(Exercise instructions):
Transcribe all the entries word for word, skipping the pictures.

(Dataset records):
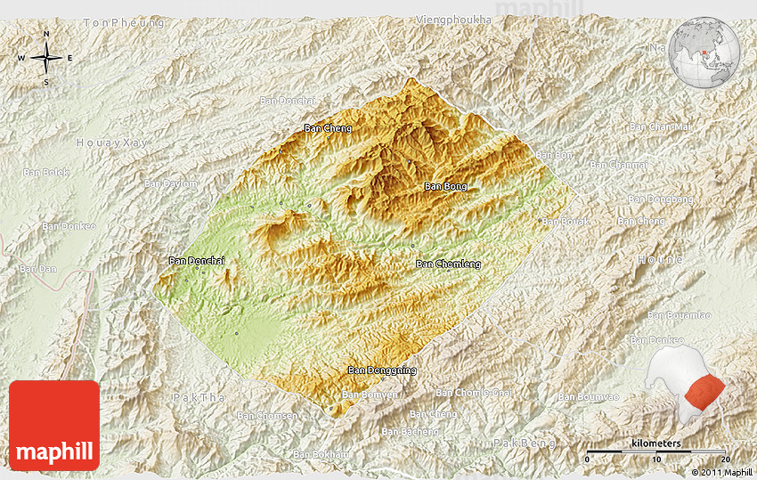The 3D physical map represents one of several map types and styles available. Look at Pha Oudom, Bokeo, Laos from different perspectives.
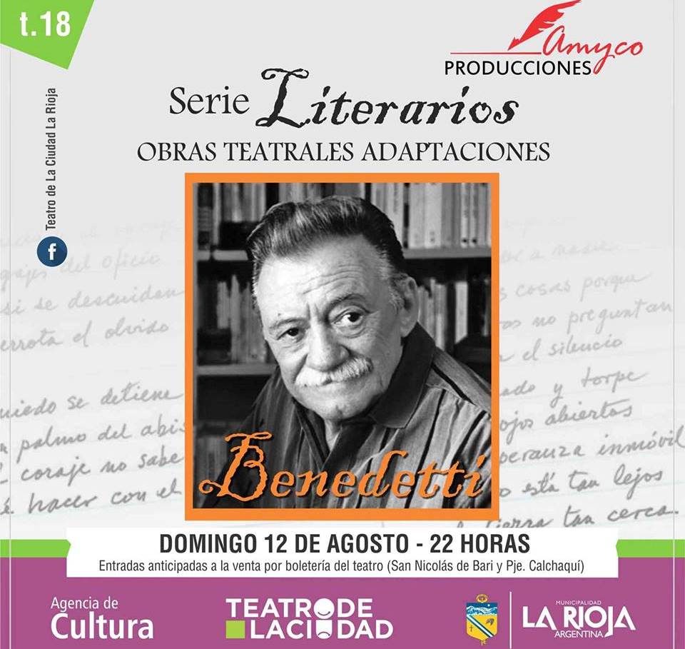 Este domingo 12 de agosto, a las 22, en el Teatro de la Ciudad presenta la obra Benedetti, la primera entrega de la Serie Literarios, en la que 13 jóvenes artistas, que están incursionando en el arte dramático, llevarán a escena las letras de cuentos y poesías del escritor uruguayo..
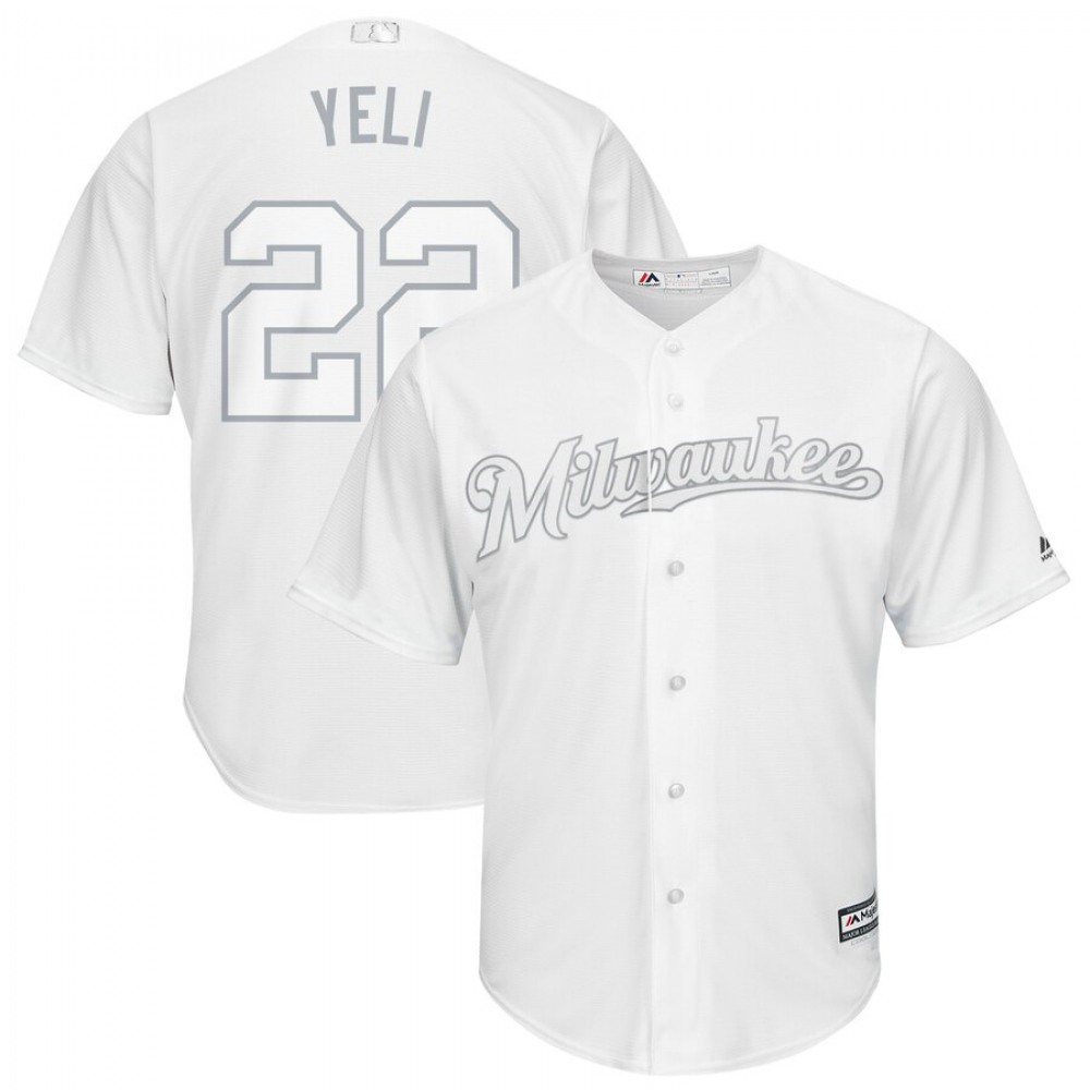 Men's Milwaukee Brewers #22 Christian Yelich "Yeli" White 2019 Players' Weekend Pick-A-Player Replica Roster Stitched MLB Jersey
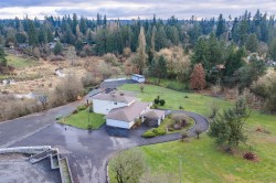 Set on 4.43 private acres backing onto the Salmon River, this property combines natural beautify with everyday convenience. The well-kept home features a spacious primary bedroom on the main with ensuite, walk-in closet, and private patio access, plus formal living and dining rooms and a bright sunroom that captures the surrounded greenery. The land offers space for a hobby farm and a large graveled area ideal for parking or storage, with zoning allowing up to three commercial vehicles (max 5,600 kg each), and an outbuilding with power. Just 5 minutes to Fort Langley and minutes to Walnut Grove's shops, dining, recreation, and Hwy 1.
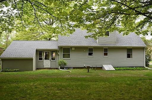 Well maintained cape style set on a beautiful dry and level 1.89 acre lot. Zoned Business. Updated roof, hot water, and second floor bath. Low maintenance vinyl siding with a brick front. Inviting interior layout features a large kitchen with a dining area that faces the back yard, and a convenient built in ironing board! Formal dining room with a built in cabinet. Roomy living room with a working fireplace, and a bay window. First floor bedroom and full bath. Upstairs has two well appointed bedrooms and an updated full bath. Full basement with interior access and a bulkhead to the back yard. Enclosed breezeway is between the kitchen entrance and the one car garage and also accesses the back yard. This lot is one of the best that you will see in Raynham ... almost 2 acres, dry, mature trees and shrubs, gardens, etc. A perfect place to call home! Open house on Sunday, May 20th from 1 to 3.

(Solution to this exercise):
The 3D physical map represents one of several map types and styles available. Look at Pha Oudom, Bokeo, Laos from different perspectives.
 Este domingo 12 de agosto, a las 22, en el Teatro de la Ciudad presenta la obra Benedetti, la primera entrega de la Serie Literarios, en la que 13 jóvenes artistas, que están incursionando en el arte dramático, llevarán a escena las letras de cuentos y poesías del escritor uruguayo..
 Men's Milwaukee Brewers #22 Christian Yelich "Yeli" White 2019 Players' Weekend Pick-A-Player Replica Roster Stitched MLB Jersey
 Set on 4.43 private acres backing onto the Salmon River, this property combines natural beautify with everyday convenience. The well-kept home features a spacious primary bedroom on the main with ensuite, walk-in closet, and private patio access, plus formal living and dining rooms and a bright sunroom that captures the surrounded greenery. The land offers space for a hobby farm and a large graveled area ideal for parking or storage, with zoning allowing up to three commercial vehicles (max 5,600 kg each), and an outbuilding with power. Just 5 minutes to Fort Langley and minutes to Walnut Grove's shops, dining, recreation, and Hwy 1.
 Well maintained cape style set on a beautiful dry and level 1.89 acre lot. Zoned Business. Updated roof, hot water, and second floor bath. Low maintenance vinyl siding with a brick front. Inviting interior layout features a large kitchen with a dining area that faces the back yard, and a convenient built in ironing board! Formal dining room with a built in cabinet. Roomy living room with a working fireplace, and a bay window. First floor bedroom and full bath. Upstairs has two well appointed bedrooms and an updated full bath. Full basement with interior access and a bulkhead to the back yard. Enclosed breezeway is between the kitchen entrance and the one car garage and also accesses the back yard. This lot is one of the best that you will see in Raynham ... almost 2 acres, dry, mature trees and shrubs, gardens, etc. A perfect place to call home! Open house on Sunday, May 20th from 1 to 3.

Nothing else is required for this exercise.